In het draaiboek aviaire influenza staat het zo: gehouden vogels die vanuit hobby, sport, schadebeheer of om andere redenen rondvliegen (en daarbij in direct contact met wilde vogels of in de buurt van pluimveebedrijven kunnen komen) moeten in elk geval tijdens de standstill binnen hun hok en/of volière blijven. Dat geldt ook voor hoenderachtigen (waar de welzijnsimpact van ophokken acceptabel wordt geacht)
Voor alle andere categorieën hobbymatig gehouden vogels, waaronder watervogels, probeert de houder met andere maatregelen contact met wilde vogels en hun uitwerpselen te voorkomen. Dit is mede in het belang van de houder zelf, aangezien hij op die manier de kans dat zijn dieren besmet raken verkleint. Voor hobbymatig gehouden pluimvee en vogels kan, rekening houdend met het dierenwelzijn en op basis van een risico-inschatting worden besloten de afschermplicht te versoepelen of aan te passen.''
Sinds 2021 is Nederland verplicht ook rond besmette hobbypluimveehouderijen en kinderboerderijen zones in te stellen waar vervoersverboden gelden. Lidstaten mogen van deze Europese regels afwijken in geval er sprake is van houderijen met minder dan 50 vogels.

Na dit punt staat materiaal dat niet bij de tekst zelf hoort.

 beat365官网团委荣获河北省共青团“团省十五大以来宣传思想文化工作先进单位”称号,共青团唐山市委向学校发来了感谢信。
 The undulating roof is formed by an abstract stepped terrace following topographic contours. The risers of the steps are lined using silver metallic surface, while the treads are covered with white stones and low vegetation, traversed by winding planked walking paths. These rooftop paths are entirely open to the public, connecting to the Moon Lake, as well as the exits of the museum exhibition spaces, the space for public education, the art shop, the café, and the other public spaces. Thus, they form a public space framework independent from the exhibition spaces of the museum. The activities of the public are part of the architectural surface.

Binnen het 3 en 10 kilometer gebied gelden bovenop de landelijke maatregelen strengere maatregelen voor onder andere vervoer van dieren en producten, een, bezoekersverbod en een jachtverbod.

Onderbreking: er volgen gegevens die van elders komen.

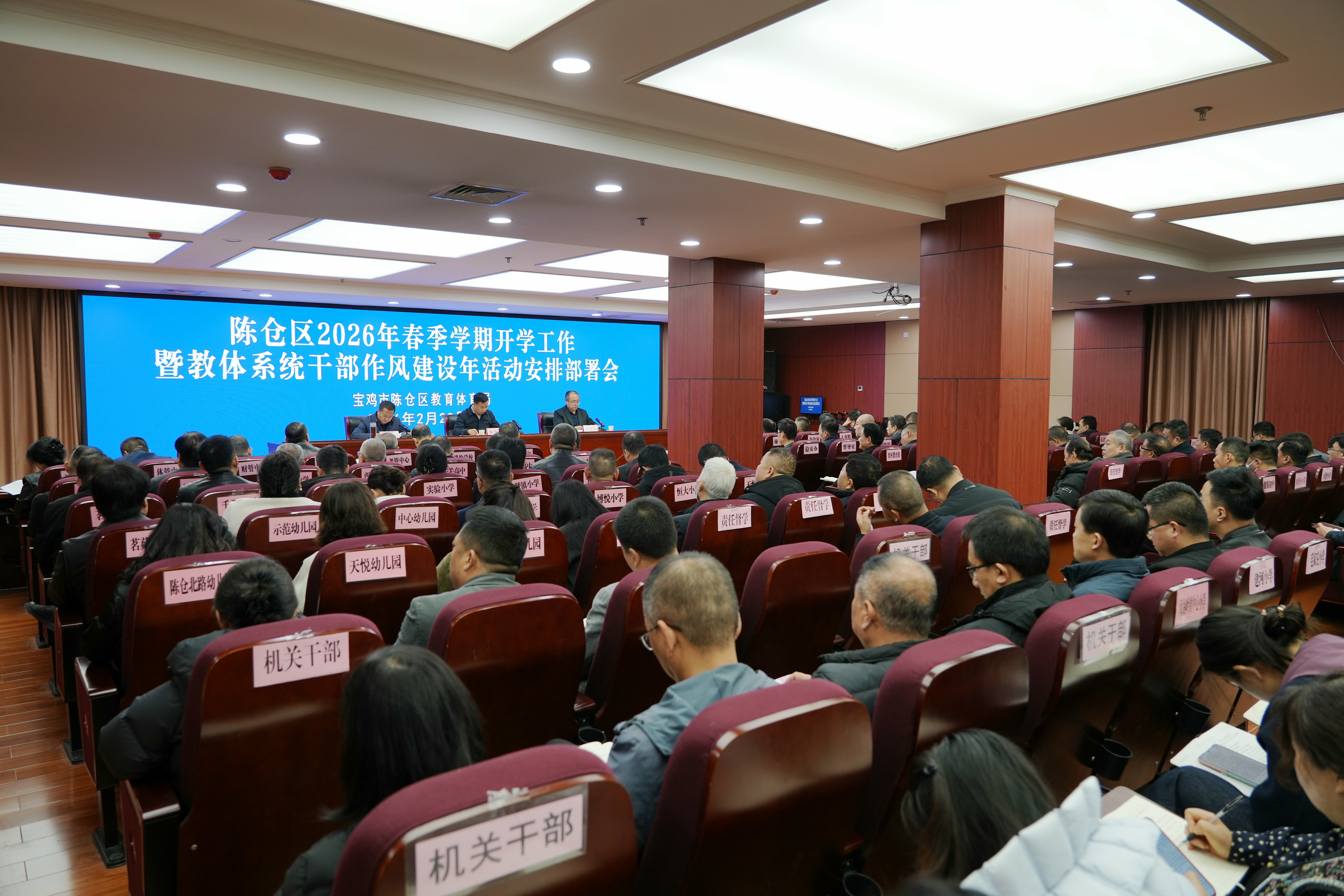 2月28日,陈仓区教体局召开2026年春季学期开学工作暨教体系统干部作风建设提升年活动安排部署会。会议深入学习习近平总书记关于教育的重要论述,传达学习全国及全省教育工作会议精神,认真回顾总结2025年工作得失,全面部署新学期各项工作,专题安排教体系统“守纪律、勇担当、优服务、提质效”干部作风建设提升年活动,动员全区教体系统干部职工以“开局即决战、起步即冲刺”的奋斗姿态,奋力推动教体事业发展开好局、起好步。局党组书记、局长李喜科参加会议并讲话。

Welke dieren mag ik vervoeren in het gebied?
Een verplaatsingsverbod geldt voor het verplaatsen voor vogels die van of naar een locatie gaan waar vogels worden gehouden. Vervoer van andere dieren dan vogels is onverminderd toegestaan als van of naar locatie zonder vogels.
De Europees voorgeschreven norm is dat er geen verplaatsingen van vogels vanuit het gebied toegestaan zijn vanuit inrichtingen. Duiven zijn vogels en de plaats waar ze worden gehouden, zijn inrichtingen. Houders van duiven worden dus per definitie als ‘inrichting’ aangemerkt, en voor deze houders geldt dus het verplaatsingsverbod van vogels in een beperkingszone. Duiven mogen dan dus niet naar een evenement buiten de beperkingszone vervoerd worden.
Wat is een inrichting?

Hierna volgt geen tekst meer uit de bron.